Pub Date: Oct. 1st, 1999
ISBN: 0-312-24223-9
Publisher: Minotaur

Good thing Cornelia Jones is a practicing realist; there’s not much comfort in white-bread Westport, Oregon, for African-Americans like her. On the other hand, Westport happens to be home to the superb Oceanographic Center, and Jan Koto, the good-looking, sensitive Japanese-American with whom Neely cohabits, happens to be a superb oceanographer. And “whither Jan goes, there go I” is Neely’s primary operating principle. So two years ago she followed Jan from the San Francisco Police Department to the Taft County Sheriff’s Office in Westport. Now those good ol’ boys in the TCSO aren’t just casually racist/sexist, they go at it hammer and tongs.

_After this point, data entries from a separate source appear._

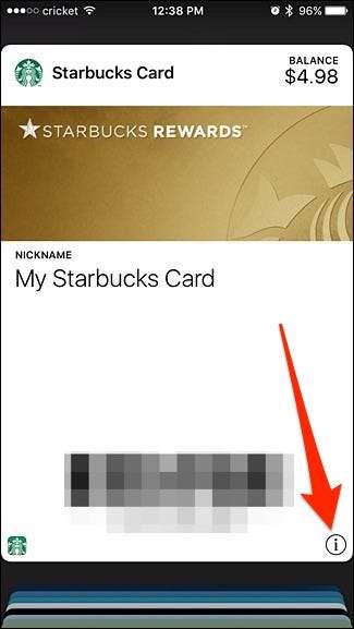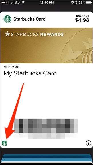 यह लगभग छिपा हुआ है, लेकिन जब आप एक पास खोलते हैं, तो एक छोटा ऐप आइकन नीचे-बाएँ कोने में दिखाई देता है। पास से जुड़े ऐप को खोलने के लिए उस आइकन पर टैप करें। इस मामले में, यह स्टारबक्स ऐप है।
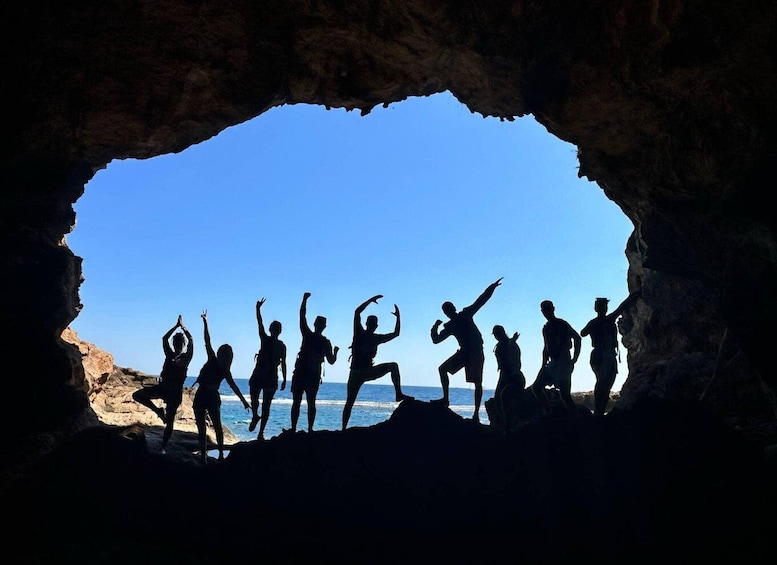 This exciting kayaking and caving activity starts at the beach of Les Rotes, Denia, with instructions and a detailed itinerary. After 20 minutes of paddling along cliffs and coves, you arrive at the Cova Tallada to snorkel and explore its interior, a former quarry used for local constructions. The cave houses cuts in the stone and carved fountains, providing filtered water through stalactites. After exploring, you will continue to the San Antonio cove and the lighthouse of San Antonio cape before returning to Les Rotes. At Alicante Aventura we offer you a real kayaking experience, providing kayaks, safety equipment and instructors.
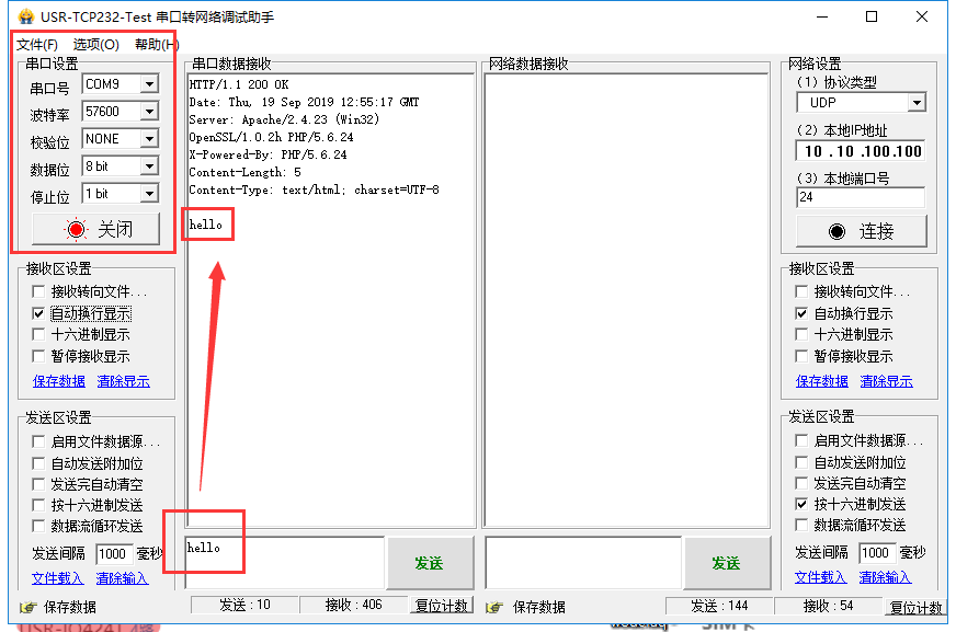 6、打開(kāi)小黃人軟件,選擇串口號(hào),波特率,校驗(yàn)位數(shù)據(jù)位停止位如圖所示,在串口端發(fā)送hello,如圖所示。
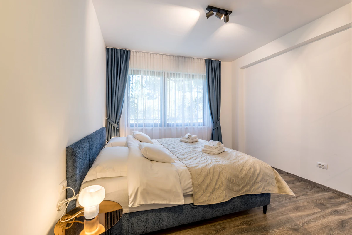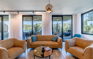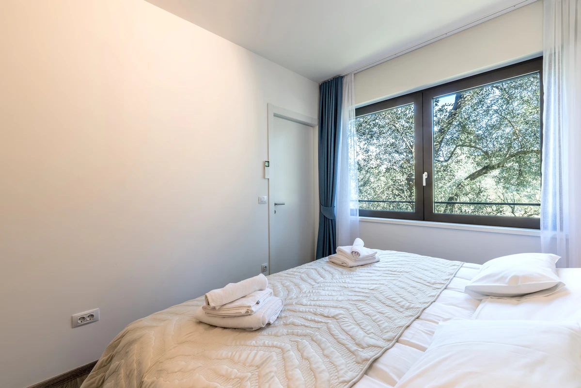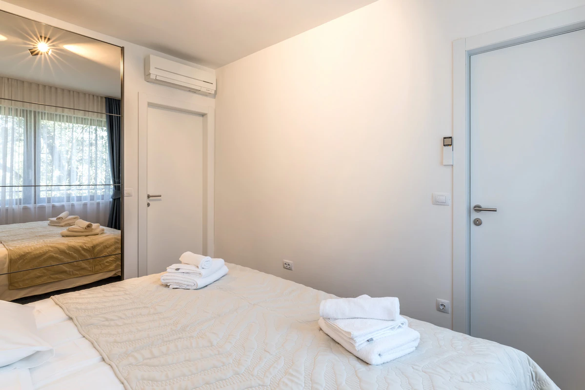 Dieses Apartment mit zwei Schlafzimmern (105 m²) verfügt über ein Kingsize-Bett (200 x 200), eine Klimaanlage und ein eigenes Bad mit begehbarer Dusche in jedem Schlafzimmer. Das Wohnzimmer mit großen Fenstern und Meerblick ist mit Kabelfernsehen, WLAN und Klimaanlage ausgestattet und verfügt über ein Sofa, auf dem auf Anfrage eine fünfte Person (Kind) untergebracht werden kann.
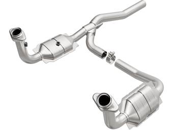 • Y-Pipes & Mid-Pipes: Y-Pipes and Mid-Pipes are portions of the exhaust piping. Y-pipes converge both banks of the exhaust into a single outlet, while mid-pipes connect the outlet of the Y-pipe to the axle-back.
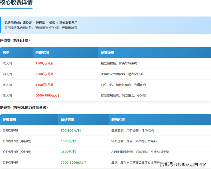 介助型(1800元/月):增加进食辅助、穿衣协助、如厕陪同、洗浴看护

How Neely got herself hired by redneck Sheriff Giff Wills is a mystery to her—one never adequately explained to the reader, by the way. And how, on election day, she manages to dislodge the entrenched Giff by dint of write-in ballots (who from?) stretches credibility further. Moreover, having won the job, it seems Neely doesn’t actually want it. On e-day plus one, however, Jan is brutally murdered, and that changes everything. Neely knows she’s sheriff to stay—despite a balky staff, a spineless D.A., a neo-Nazi rabble, an imported hit-man, and assorted other baddies—at least long enough for Jan’s killer to be caught, for justice to be served, and for her to inch toward closure. Wren leaves her long-running Conan Flagg series (Wake Up, Darlin’ Corey, 1984, etc.) for a new and possibly worthier protagonist. But though Neely has winning ways, helter-skelter plotting hurts her debut.